= Tompiro Indians =

The Tompiro Indians were Pueblo Indians living in New Mexico. They lived in several adobe villages east of the Rio Grande Valley in the Salinas region of New Mexico. Their settlements were abandoned and they were absorbed into other Pueblo Nations in the 1670s.

==Origin and language==
Very little is known about the origin of the Tompiros. They spoke a language closely related to that of the Piro Indians who lived to their west in the Rio Grande Valley. The Piro and Tompiro languages are believed by most authorities to belong to the Tanoan language family.

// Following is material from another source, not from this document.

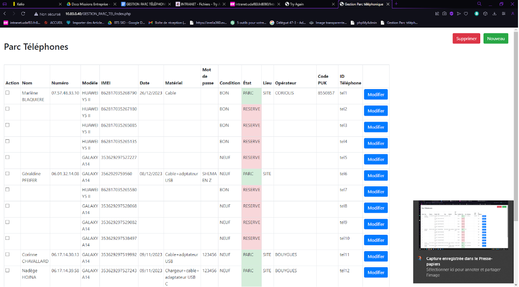 En conclusion, cette transition vers une gestion optimisée du parc téléphonique a considérablement amélioré l'efficacité opérationnelle et la fiabilité des informations au sein de l'entreprise. La combinaison d'une base de données bien structurée et d'une interface utilisateur conviviale contribue à un suivi plus efficace des téléphones portables.
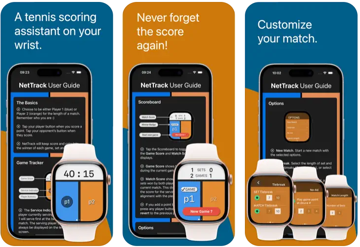 NetTrack transforms your Apple Watch into a tennis scoring assistant. Real-time tracking of: - Game score. - Games won per set. - Serving player. - Deuce number. - Tiebreaks. - Sets won. Customizable match options - Tiebreak: Set and Match tiebreaks. Ch

In the 16th century, the Tompiro lived in nine settlements in the Salinas clustered around the present day town of Mountainair. Those whose ruins are preserved today are Quarai, Abó, and Gran Quivira which today make up the Salinas Pueblo Missions National Monument. The ruin known as Gran Quivira today but during Spanish times as Las Humanas – was the largest settlement and may have had a population of 2,000 people. Las Humanas and the other Tompiro settlements were probably established about 1300 and became culturally similar to the other Pueblo Indians in the Rio Grande Valley. The Tompiro name for Las Humanas was probably Cueloze, but Juan de Oñate named the settlement the "Great Pueblo of the Humanas" when he visited in 1598, the name reflecting the inhabitant's custom of painting stripes or tattooing their faces. The Plains dwelling Jumano Indians were called by the same name, and authorities differ as to whether they were related to the Tompiros or simply given similar names by the Spaniards.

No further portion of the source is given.